Reaching a turning point in IF treatment can be very difficult. Hubby and I were just cruising along this summer; we were taking a two month hiatus from treatment, and we were just getting out of our hole from our first IVF failure this past May. We were trying to get psyched up to start yet again in September. Many of our discussions leading up to now about how long we would continue to try IVF before we moved on to other options had always ended like this: “We won’t know until we’re there.”
One fine day about two weeks ago, I got a random call from the donor coordinator at our clinic. I began having a mild panic attack as she starts to tell me, “We have a match for you.” I had totally lost track of time! We put ourselves on the donor waiting list six or more months ago as a “just in case.” I explained to her we weren’t quite ready for that step, and we really wanted to try again with my own eggs despite our four cancelled cycles. She suggested we come in to see what the process is like; she said it can make it easier knowing what to expect when the time does come that we’re ready to move forward. So, we decided to go in to view the donor profile, couldn’t hurt right?
I must admit, hubby and I were surprised by her call. We began casual chit chat (Yes, this is the second time I’m using “chit chat” in my blog after only three posts) about how we felt about this development. We were excited and intrigued. I almost felt like I was betraying my body and my genetics for feeling that way. But what have my ovaries ever done for me up to this point except screw thing up royally? I had to begin thinking about what was really important to us; was it genetics or starting a family together?
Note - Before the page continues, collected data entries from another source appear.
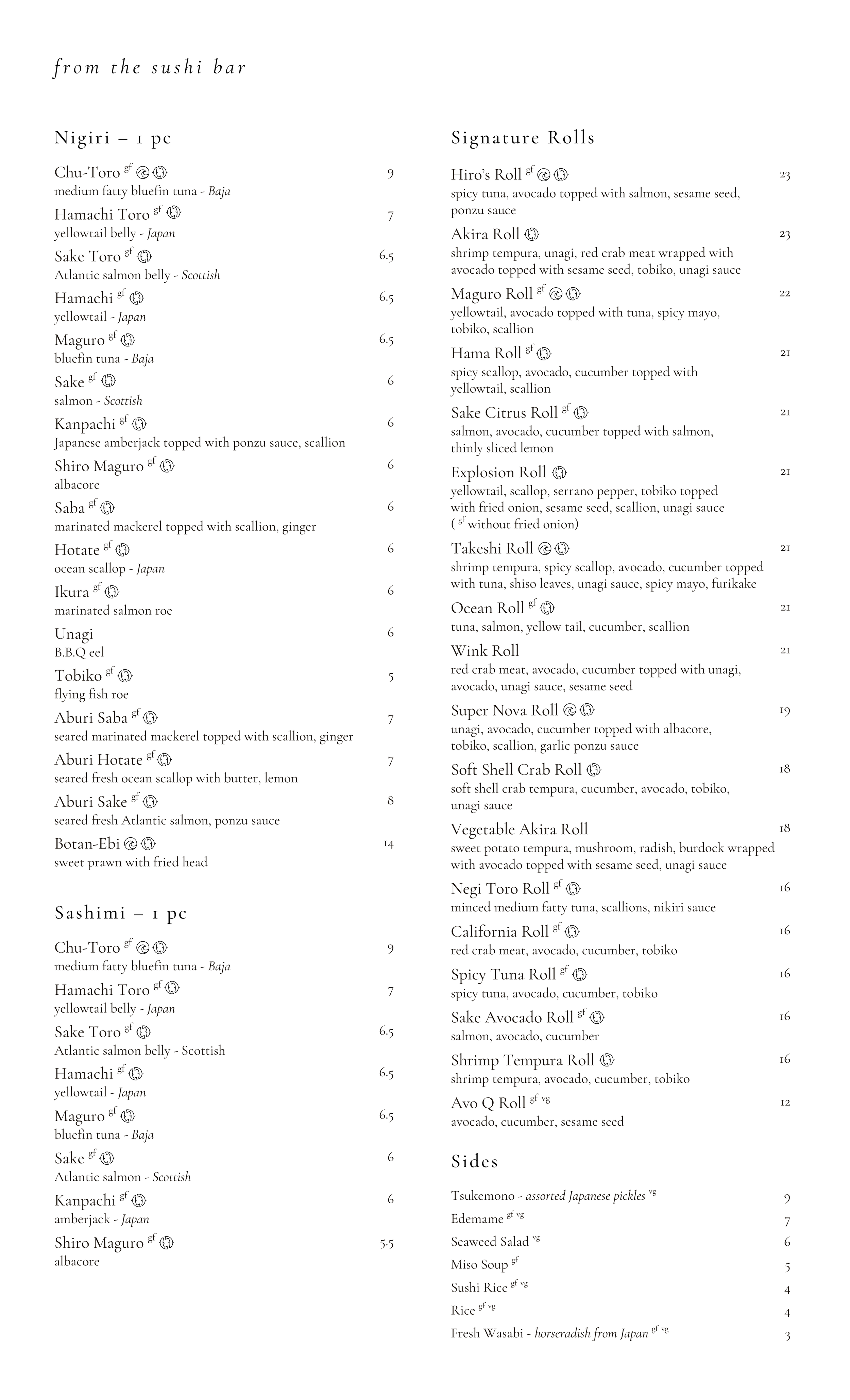 A piece of sushi with rice, seaweed, mushrooms, and green onion, on a black tray with bottles of Japanese sake in the background.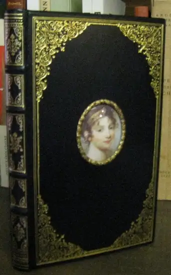 20,5 x 12 cm. Bibliophile Sonderausgabe: Handgebundener schwarzer Original-Lederband auf 4 Bünden mit Dreiseiten-Goldschnitt, handumstochenen Kapitälen, Goldprägeschmuck auf Deckel und Rücken ( alles im Stil des 18. Jahrhunderts ) sowie seidenem Lesebändchen. Im Vorderdeckel eingelegt ist ein farbiges Goldbronze-Medaillon mit dem Bildnis der Luise. Marmorierte Innendeckel und fliegende Blätter. 142 (2) Seiten mit vielen einfarbigen Abbildungen. Auf dem vorderen Vorsatz ein bibliophiles ExLibris-Etikett mit der handschriftlichen Nummer 140. Offenbar unbenutztes, sehr schönes Exemplar in richtig gutem Zustand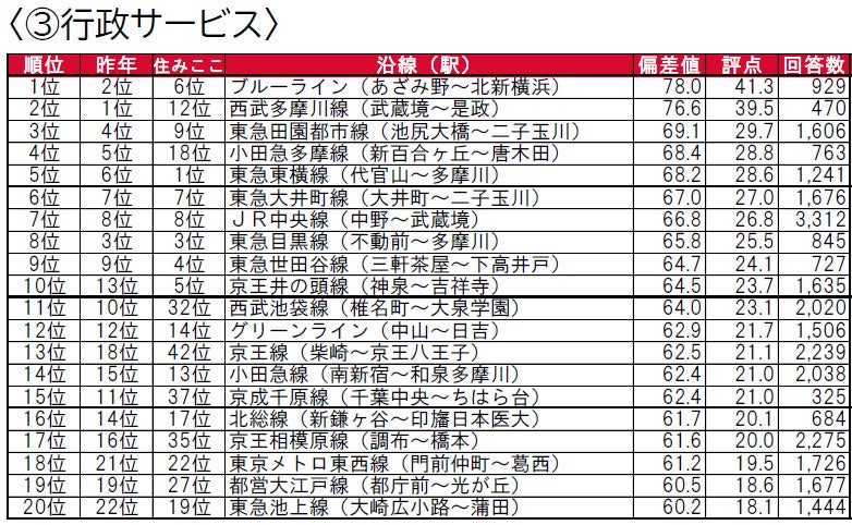●「行政サービス」因子では、昨年から順位の入れ替わりはあるものの、1位のブルーライン(あざみ野~北新横浜)と2位の西武多摩川線(武蔵境~是政)が偏差値70台後半の極めて高い評価を得ています。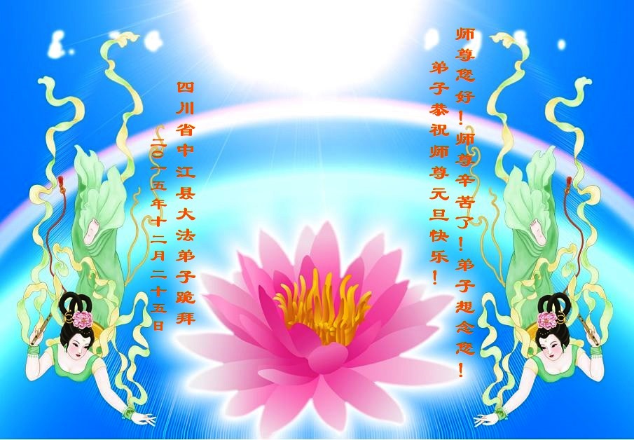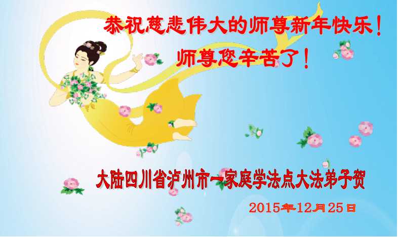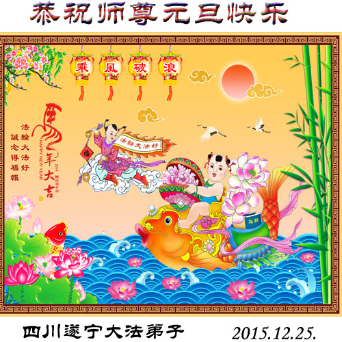 【明慧网二零一五年十二月三十一日】 四川遂宁夫妻大法弟子恭祝师尊元旦快乐!

At the clinic, we met the donor coordinator, Kathy; the sweetest and most caring person I think we’ve ever encountered during this whole journey. She gave us plenty of time to go through our potential donor’s profile. As we read through her thick folder we kept commenting on how good we felt. We weren’t sad or upset; we felt a connection to this person, this angel who for some reason made us feel at ease with this process.
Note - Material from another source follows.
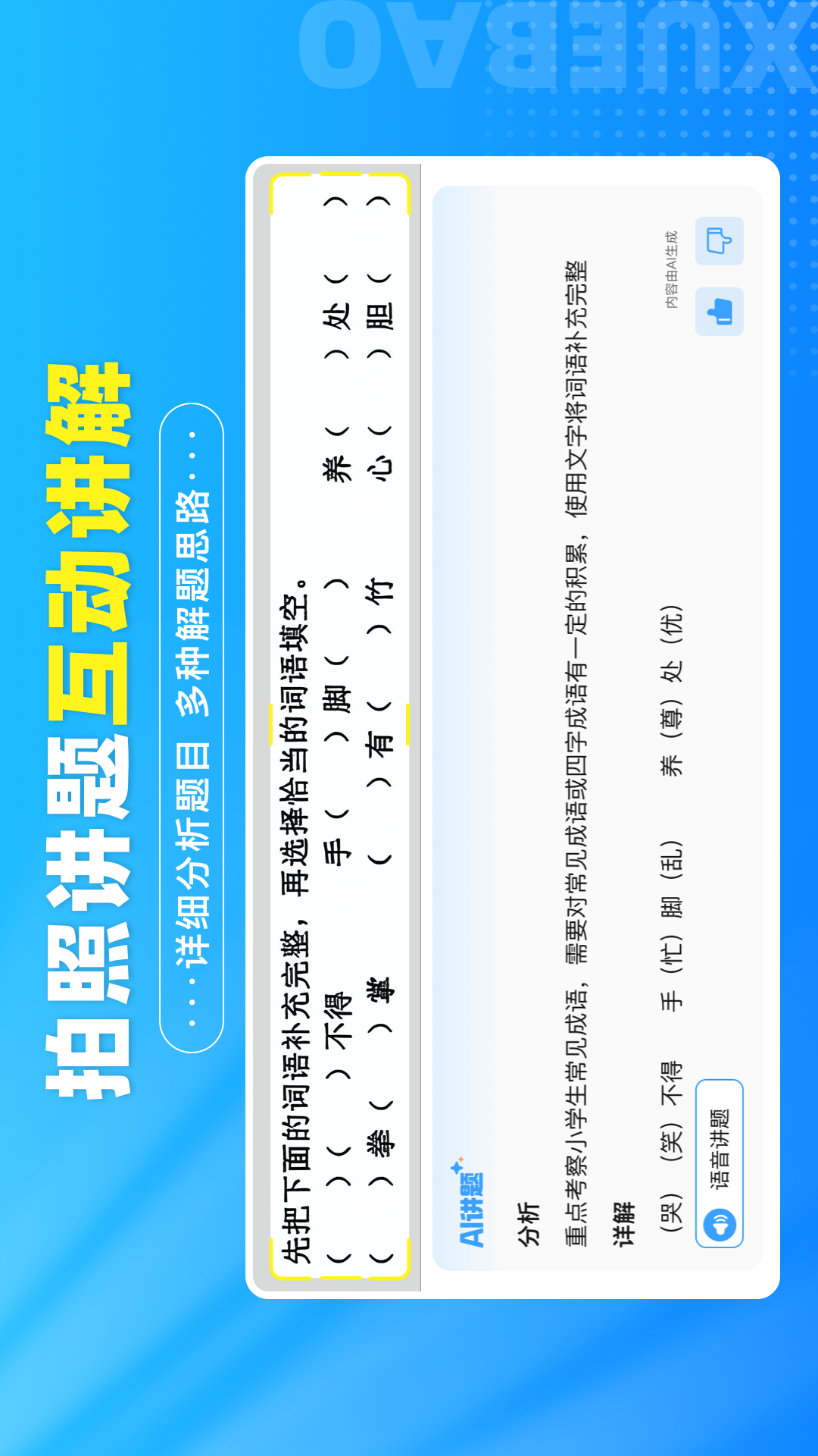 学宝是一款服务学生自主学习的同步学习APP,能够有效激发学习兴趣,帮助学生养成良好学习习惯。<br>学习内容以动画视频方式呈现,并与全国主要教材相配套。<br>学宝APP配备AI拍照讲题、作业批改、识字、听写、练字、口算、单词、听力、口语、错题本、刷题、课本点读、听课文、作文、字典等18多款智能教辅专项工具<br>学习打卡还能领学币,免费兑换多种实物礼品、卡通形象、皮肤装扮,激发孩子的学习兴趣和积极性,养成好的学习习惯。<br>全国4000万+家庭的信赖之选!<br>------------------<br>6大产品功能亮点:<br>【课内同步智能教辅】<br>覆盖人教版、北京版、苏教版、西师大版、青岛版、冀教版等95%以上教材,内容与教材章节同步,按照课本单元章节生成动画视频清单,针对语文数学英语不同学科的特点及内容,配套专项学习工具;<br>【9种学科专项工具】<br> 语文专项学习工具:识字、听写、练字、作文、字典;<br> 数学专项学习工具:口算;<br> 英语专项学习工具:单词、听力、口语;<br> 【4个综合辅导工具】<br> 错题本:分科目整理错题,专项练习错题智能记录存储;<br> 知识点:按科目知识点生成智能题库,海量练习题随时做;<br> 课本点读:与英语语文课本内容与校内课本章节内容同步,哪里不会点哪里,即点即读;支持单句重复,整册朗读,个性化复读,语速调节等功能;<br> 听课文:不需要看手机,就可以随时随地想听就听。磁带标准发音,对教材内容进行磨耳朵,通过听来让孩子熟悉和学习教材内容;<br> 【2个特色乐学工具】<br> 讲故事:听故事,学知识,随身听随时学,启蒙学习好工具;<br> 知识PK:在线学习PK答题,寓教于乐,提升学习兴趣,养成学习好习惯;<br>【有趣的学习形式】<br>内容以有趣的动画形式展现,让孩子轻松学习,爱学到根本停不下来;<br>【学习送学币】<br>完成学习任务就获得学币,多种学具玩具等实体礼品与卡通形象、背景、皮肤装扮免费兑换,帮助学生养成良好学习习惯,让孩子有目标,有动力,爱上学习!<br>--------------------<br>强力推荐:<br>【央视网】2020年度影响力在线教育品牌<br>【新浪教育】2020年度家长信赖在线教育品牌<br>【快手】2020年度快手教育生态教育普惠共建者<br>【人教出版社】《中小学数字化教学》第二届理事会理事单位<br>【今日头条】2019年度城市教育行业影响力机构<br>【腾讯新闻】2019年度影响力在线教育品牌<br>---

Afterwards, we went out for some celebratory sushi. We were both very excited and nervous about our experience at the clinic. We were on the same page about being open to this if it made sense for us. My ovaries aren’t going to magically cooperate and start responding to medication, nor are they going to start producing more follicles. I got what I got, and I sadly don’t have any more. Those were the cold hard facts that it’s taken me two years to feel at peace with.
I’ve never felt so in tune with my path before. I usually go along, reacting to things as they come up. This time I felt a little more in control of what’s been laid out before us. This wasn’t an easy decision; we thought about our options, and one wasn’t necessarily right or wrong. In our minds, we had been approaching this decision for some time now. Each cancelled cycle takes such a toll, both emotionally and financially, and we know that my female organs have mind of their own. What if we waited for something that could never happen and then it was too late. So, we chose the path of least resistance; we chose to take a chance, and go with the donor.
A huge weight feels like it’s been lifted and we are once again hopeful. I’ve been grieving the loss of having a genetic child a little bit at a time for the last year and I’m ready to move forward with our family building. We couldn’t have known that it would take this opportunity and the gift of an angel to pull us forward and keep us filled with love and hope. More to come!!